Thursday, June 15, 2017

On the Side of BIW Workers

 

Times Record Op-Ed (Brunswick, Maine)
By Bruce K. Gagnon

I am pro-union and my first job after the Air Force and college was working as an organizer for the United Farm Workers Union in Florida — organizing fruit pickers.

A couple of years ago I was invited by a union member to march with BIW workers who were protesting against General Dynamics’ management efforts to slowly but surely break the union at the shipyard by outsourcing work to non-union shops. I eagerly joined the protest. Over the years I’ve heard directly from scores of BIW workers about their grievances against the company.

Not only has GD come to the city of Bath with silver cup in hand (while its top CEO was pulling in multi-million dollar bonuses) asking for more tax breaks, but over the years the corporation has repeatedly gone to the state demanding tax cuts, always threatening to leave Maine.

GD has done little to diversify away from all-military production at BIW, whether into commercial shipbuilding, or other major nonmilitary production. So when the military contracts slow down, workers get what amounts to permanent layoffs.

GD frequently brings in nonunion middle managers and poorly trained supervisors who don’t know much about the ins and outs of shipbuilding in any given aspect of production, causing delays and inefficiencies for which the unions get blamed.

Major nonmilitary production capable of employing many hundreds, if not thousands, would be a big plus at the shipyard and I know that many workers support such a direction.

With Trump announcing he intends to pull the U.S. out of the Paris Climate Change Accords our hopes for dealing with the harsh reality of global warming has taken another severe blow. The U.S. military has the largest carbon bootprint on the entire planet. Official Washington ‘insisted’ that the Pentagon be exempted from monitoring by the Kyoto climate change protocol and the recent Paris agreement made reporting of military impacts optional.

In Holland, all electric trains are now run on wind power. Offshore wind turbines and commuter rail systems could be built at BIW as could tidal power and solar power systems. All that is needed is the political will. The abolitionist Frederick Douglass said, “Power concedes nothing without a demand. It never did and it never will.” We need to make these demands if the future generations are to have any hope for survival.

At a 1994 Labor Day Rally at BIW the speakers included then BIW President Buzz Fitzgerald, Local S6 President Stoney Dionne, IAM National President George Kourpias, Rep.
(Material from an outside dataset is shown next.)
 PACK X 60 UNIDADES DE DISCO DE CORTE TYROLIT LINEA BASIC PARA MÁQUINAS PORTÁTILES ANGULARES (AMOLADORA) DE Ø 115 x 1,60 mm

Tom Andrews, AFL-CIO Treasurer Tom Donahue, Sen. George Mitchell and President Bill Clinton. Watching the event on C-SPAN archives it was remarkable that all the speakers were calling for the conversion of the shipyard. Today we find that GD has no interest in such a positive direction. (It should be remembered that GD uses federal tax dollars to build destroyers. Why couldn’t that same public tax money be used to build sustainable technologies?)

The workers and unions at BIW can’t make this kind of conversion (or diversification) happen by themselves. They are daily fighting to enforce their contract with GD and are largely consumed with trying to prevent layoffs.
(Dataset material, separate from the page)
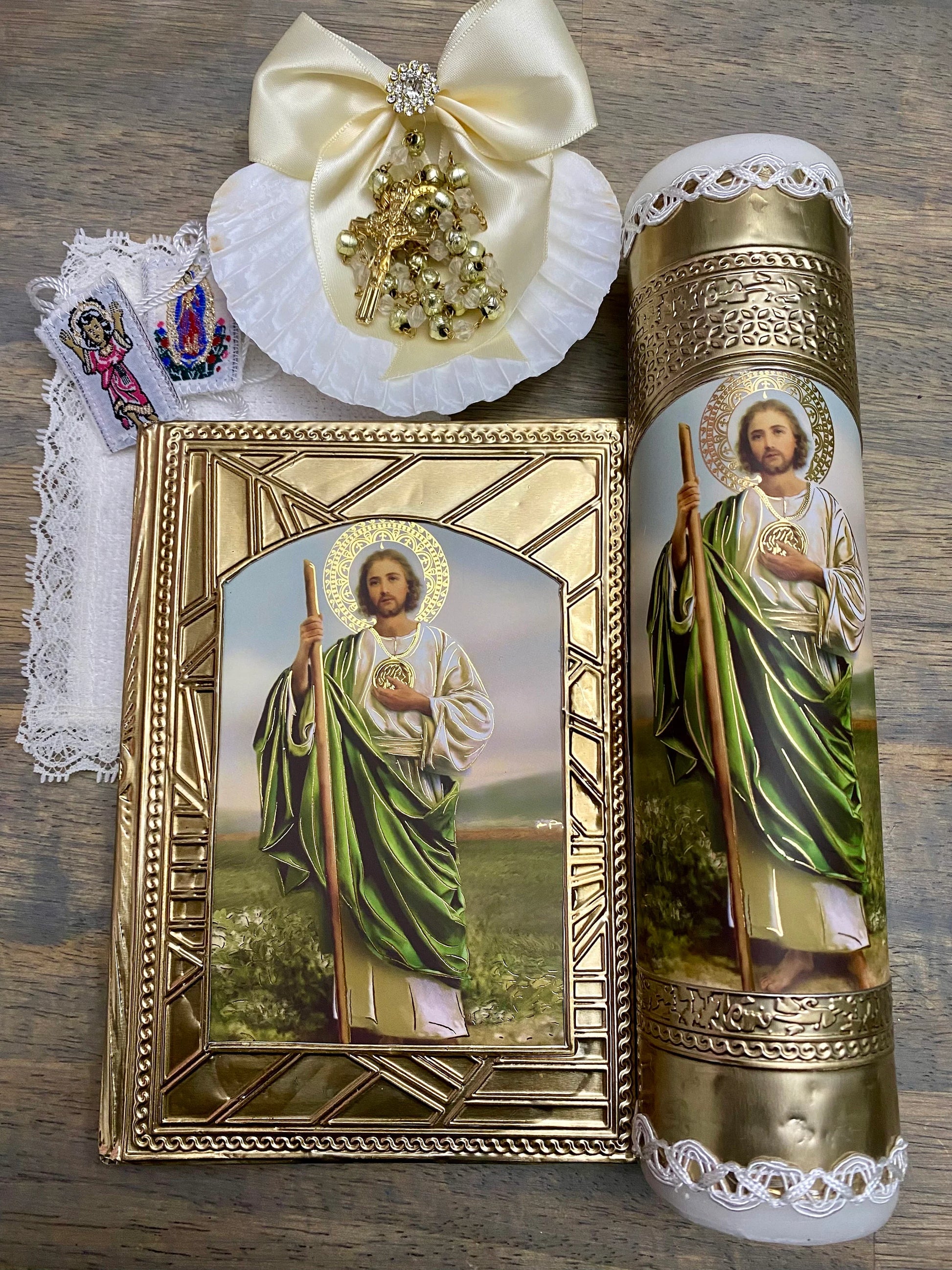 Baptism Saint Jude candle set, velas de bautizo San Judas, velas para communion, communion candles, English candle sets, spanish candle sets

Former Columbia University professor of industrial engineering Seymour Melman called our present system “Pentagon-managed state capitalism.” Melman reported that the USA by around 1990 had substantially lost its skills base in machine tool-related (and other highly skilled) industrial production, including in commercial shipbuilding — largely due to over concentration on military production.

The peace community does protest frequently at BIW, but we are not targeting the workers. We are trying to create a dialogue in the community around the need for a just transition towards more sustainable, less boom-and-bust types of production at BIW. We understand that General Dynamics is the entity that holds the power to make these big decisions — along with our elected officials like Collins, King, Pingree and Poliquin.

We know that the workers and the unions have ideas about things that could be done at BIW to stabilize employment at the shipyard. They should be given a key role in envisioning what might be built more sustainably. But none of this will happen unless the peace community, the environmental community, the religious community, labor unions, local political leaders, and the general public become advocates for a change of direction from endless war toward dealing with climate change NOW by transitioning facilities like BIW.

The workers are currently hostages during this time of political negligence where nothing gets done. I for one stand with them and urge everyone in the community to help push things along so that the environment, the community, and the workers come out on top.

~ Bruce K. Gagnon is a member of PeaceWorks and lives in Bath.